Work to be completed: Copy exactly the lines of the data below that run from the line holding "This setting is" through the line holding "Crea una moderna", both ends included.

== Given data ==

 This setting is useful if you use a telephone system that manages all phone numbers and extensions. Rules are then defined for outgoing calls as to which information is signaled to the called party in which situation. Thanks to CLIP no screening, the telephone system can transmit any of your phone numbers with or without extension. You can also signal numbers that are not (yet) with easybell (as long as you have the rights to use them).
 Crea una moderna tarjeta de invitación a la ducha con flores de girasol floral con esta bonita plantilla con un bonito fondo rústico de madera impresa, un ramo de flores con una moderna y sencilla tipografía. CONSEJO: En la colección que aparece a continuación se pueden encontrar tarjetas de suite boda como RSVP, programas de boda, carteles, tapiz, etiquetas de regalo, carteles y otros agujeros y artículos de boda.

===
== Given data ==

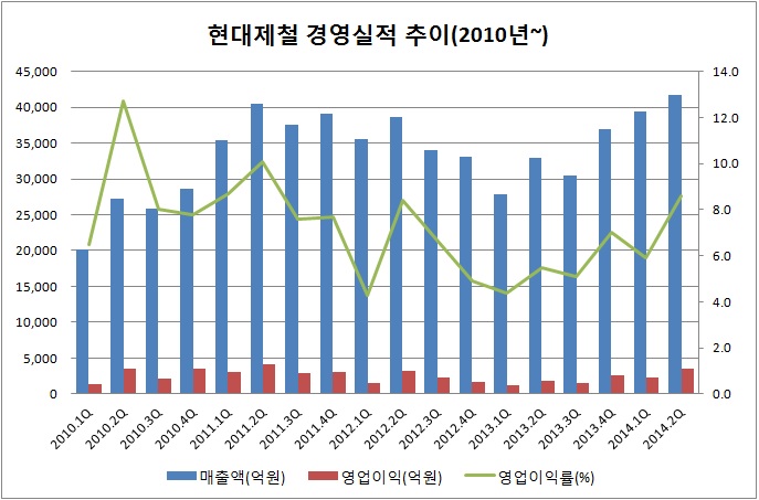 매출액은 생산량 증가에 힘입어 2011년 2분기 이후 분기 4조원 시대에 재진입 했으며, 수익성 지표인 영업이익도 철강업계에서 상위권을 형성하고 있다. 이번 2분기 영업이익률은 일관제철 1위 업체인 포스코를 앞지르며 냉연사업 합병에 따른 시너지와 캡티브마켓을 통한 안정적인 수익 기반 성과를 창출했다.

===

Worked solution:
 This setting is useful if you use a telephone system that manages all phone numbers and extensions. Rules are then defined for outgoing calls as to which information is signaled to the called party in which situation. Thanks to CLIP no screening, the telephone system can transmit any of your phone numbers with or without extension. You can also signal numbers that are not (yet) with easybell (as long as you have the rights to use them).
 Crea una moderna tarjeta de invitación a la ducha con flores de girasol floral con esta bonita plantilla con un bonito fondo rústico de madera impresa, un ramo de flores con una moderna y sencilla tipografía. CONSEJO: En la colección que aparece a continuación se pueden encontrar tarjetas de suite boda como RSVP, programas de boda, carteles, tapiz, etiquetas de regalo, carteles y otros agujeros y artículos de boda.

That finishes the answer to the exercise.